The first time I flew with my daughter, Lucy, was when she was 4 months old, and it was a four-hour direct flight from New York City to Denver. I was so panicked from the endless parenting threads on Facebook about airport disasters, mean flight attendants, and packing lists that I decided to do a dry run the day before. For four hours, I sat in the corner of my local coffee shop with Lucy hanging out on my lap. And you know what? Nothing happened.
And nothing happened on that first plane ride, either. As a single mom, I was always the only one traveling with her, and I always had her in my lap.
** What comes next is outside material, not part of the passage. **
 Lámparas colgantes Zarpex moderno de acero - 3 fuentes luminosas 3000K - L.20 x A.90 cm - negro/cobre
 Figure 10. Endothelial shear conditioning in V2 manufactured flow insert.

Children are free (with the exception of taxes for international flights) as lap infants until their second birthday, and I wanted to maximize our savings while we could.
At 3 1/2, my daughter has now been on 63 flights. That’s counting connections and puddle-hoppers and international and domestic trips. And even when it’s stressful, I remind myself how lucky I am to be traveling with my favorite plus-one. Some perspective: the worst flight I ever took was when I was in my 20s, hungover and sad from a breakup and sure I was going to throw up. Even a flight with a cranky toddler I love is a million times better than that sad, nausea-inducing flight — and I try to remember that whenever we hit a rough patch.
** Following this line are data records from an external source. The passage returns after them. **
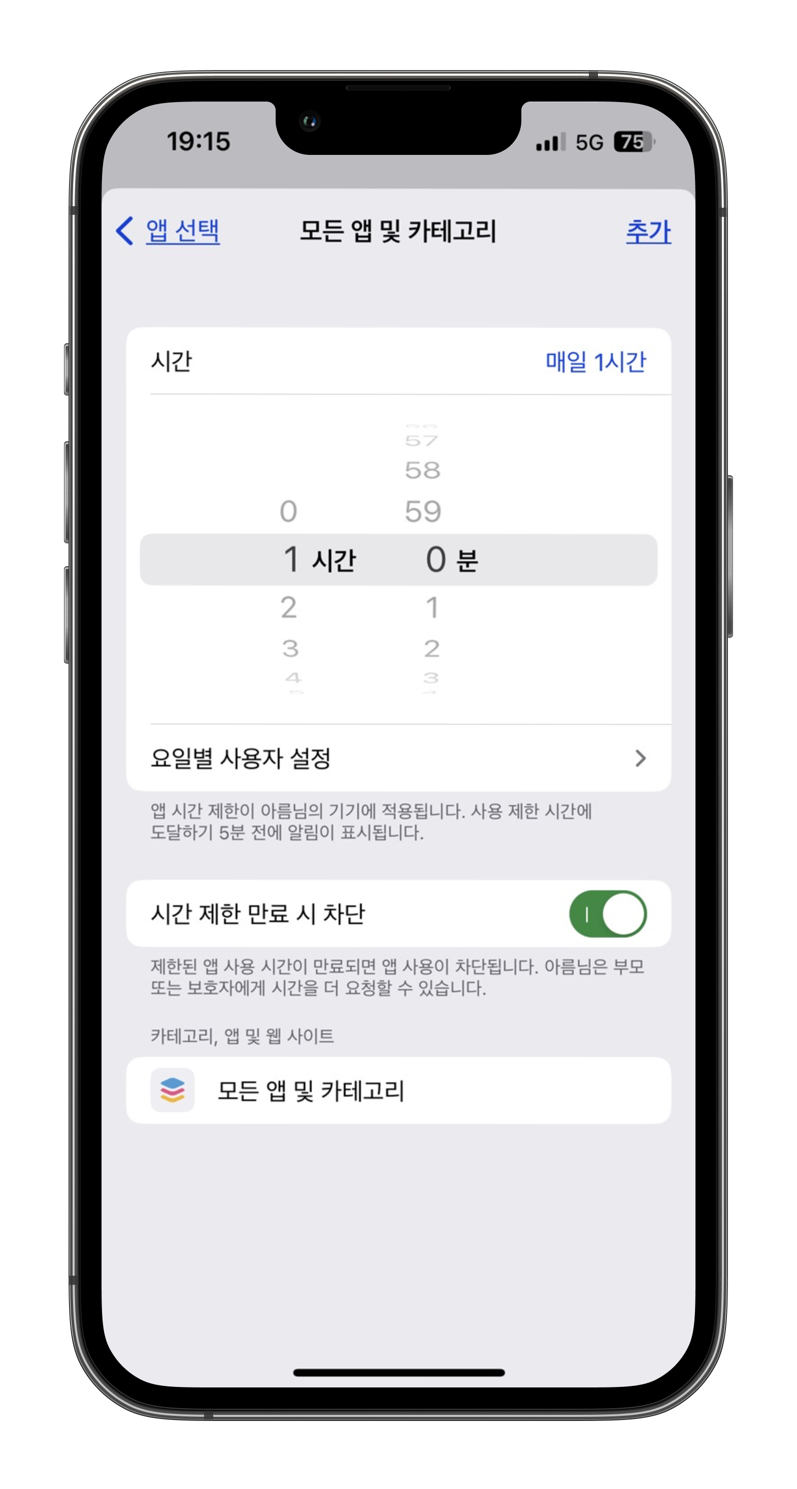 여기까지 다 설정이 완료되면 마지막으로 꼭 자녀 핸드폰에서 스크린 타임이 제대로 설정이 되었는지 확인해 주세요.
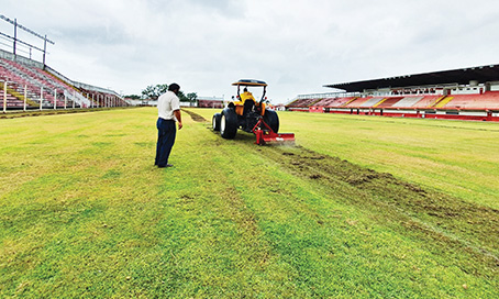 Durante a manhã, iniciou o corte vertical, com o intuito de retirar toda a matéria orgânica que se acumula com o tempo embaixo da grama, e que não é benéfica para a qualidade do campo.
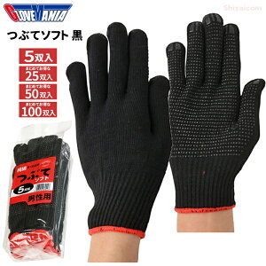 この商品のポイント 汚れが目立ちにくい黒色手袋です。 ●綿100%なので肌触りが良く、吸汗性に優れているのでムレにくいです。 ●手の平部分にスベリ止め加工を施しているので、細かな作業にも最適です。 ●黒色の手袋を使用し、汚れが

I know that my daughter represents a grand sample size of one. But I also know how scared I was before that first flight and wish there had been words of encouragement in the midst of all the praying emoji on those Facebook groups. Here’s what I’ve learned.
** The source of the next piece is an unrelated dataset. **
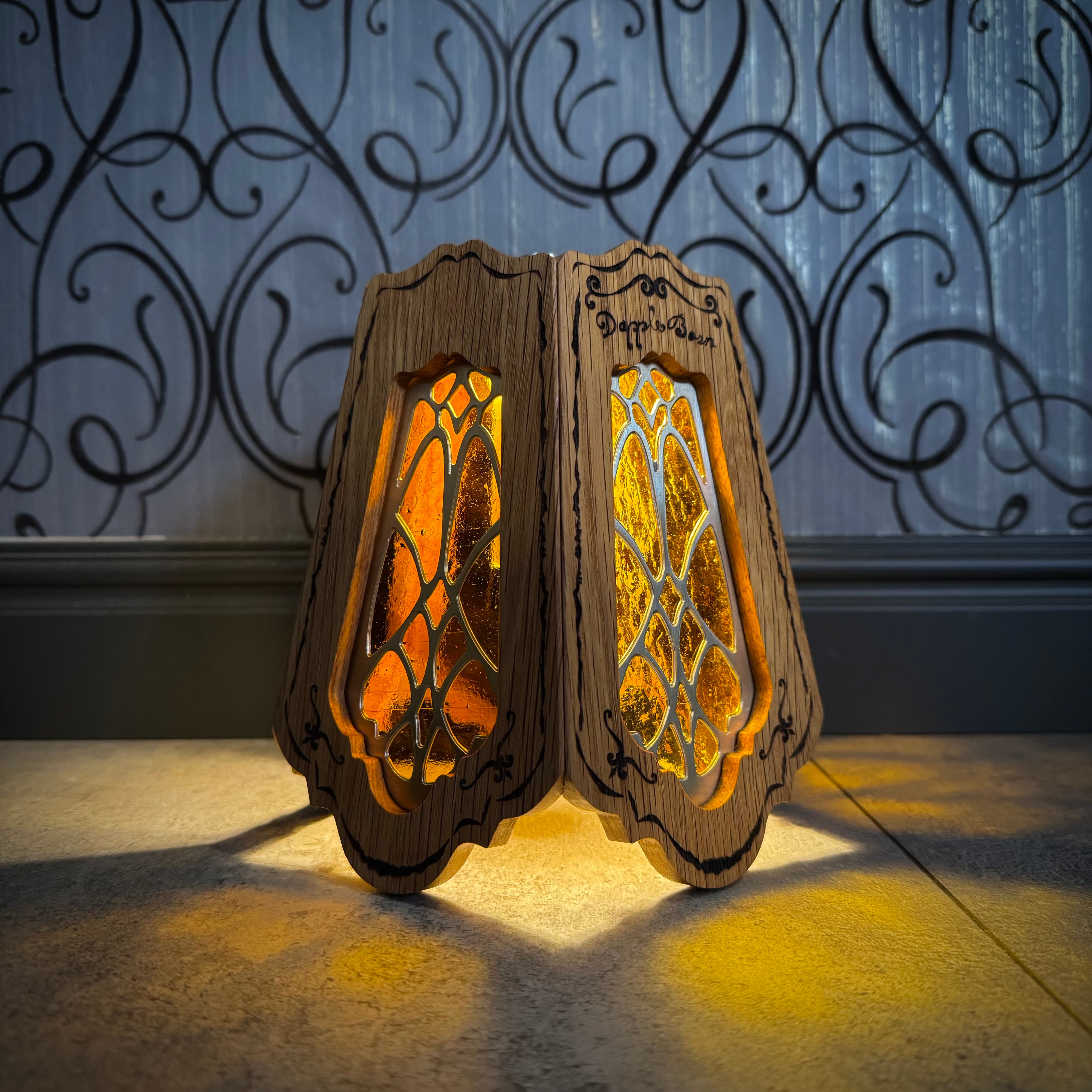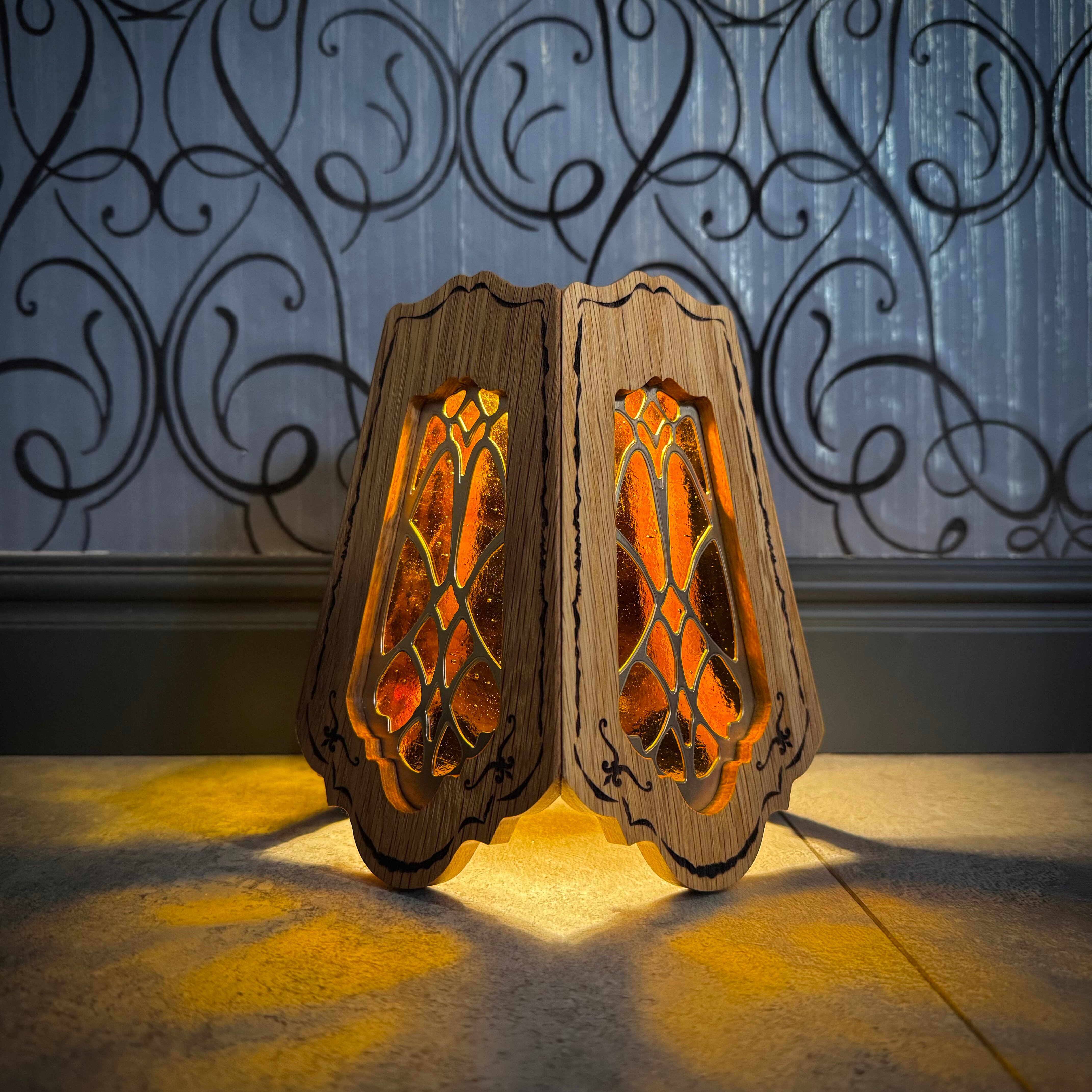 無垢材オークとステンドグラスを融合させ両方の美しさを最大限に活かした高級感漂う Bornオリジナルゴールゼロ用ランプシェード(2WAY:吊る・置き型)

- Altitude isn’t some sort of attitude changer. In general, I think how infants behave on land is how they behave in the air. Sure, there are air pressure changes, which can cause discomfort (which can be minimized by breastfeeding, bottle feeding, or sucking on a pacifier), but in general, kids don’t go through some profound personality change just because they’re at 45,000 feet.
- You don’t need a seat for your child. Sure, it’s nice to have. But you truly can sit for seven or eight hours with a 30-pound child sprawled on your lap. Use each other as pillows!
- You need two extra changes of clothes for them . . . and for you. Feeling poop leak onto your jeans and being powerless to stop it because the seat belt sign is lit is a million times worse when you know there are no clean jeans in your future.
- You don’t need a ton of toys. On one trip from New York to California when my daughter was about 1 1/2, I had been in such a hurry that I hadn’t packed any toys. We had a mini stuffed pony, a toothbrush, and some stickers. Was it the best flight ever? No. Did we make it where we needed to be? Sure did.
- You don’t need to give presents to your seatmates. I don’t believe in goody bags to apologize for an infant on board. I do believe in a friendly smile, an introduction, and recognizing we are all just trying to get from point A to point B.
- Try to have fun in the terminal. You’re going somewhere! It’s an adventure! I grab food, let my daughter pick a treat at the news kiosk, and just generally de-stress and walk around. When my daughter was crawling, I tried not to worry about germs as she crawled around the gate. My philosophy: the more tired they are at the gate, the more tired they’ll be on the plane.
- It’s OK to judiciously play the kid card. Sometimes, having a kid with you works better than Global Entry. In general, I’ve found that asking for what you need politely and respectfully can help you get it — including allowing you to a skip a line.
Finally, and I think this is the biggest thing I’m still learning: your experience is different than your child’s experience. You might be stressed about flight delays and gate changes, but they could be totally chill. For example, when my daughter and I were waiting for an endlessly delayed flight from Budapest to London, I was checking my watch, trying to assess how many hours we would have to sleep when and if we ever got to our hotel. She had found a little girl about the same age as her and had begun happily playing with her Peppa Pig figurines. For her, a delay was fun. I’m not quite there yet, but I’m trying to find that perspective.
It’s not all sunshine, rainbows, and clear skies. Some flights will become family legend. But I think the best thing to aim for is an unremarkable trip. But you don’t need the gear, the note cards, or the precision-level planning to have an amazing trip with your child. Just enjoy the ride.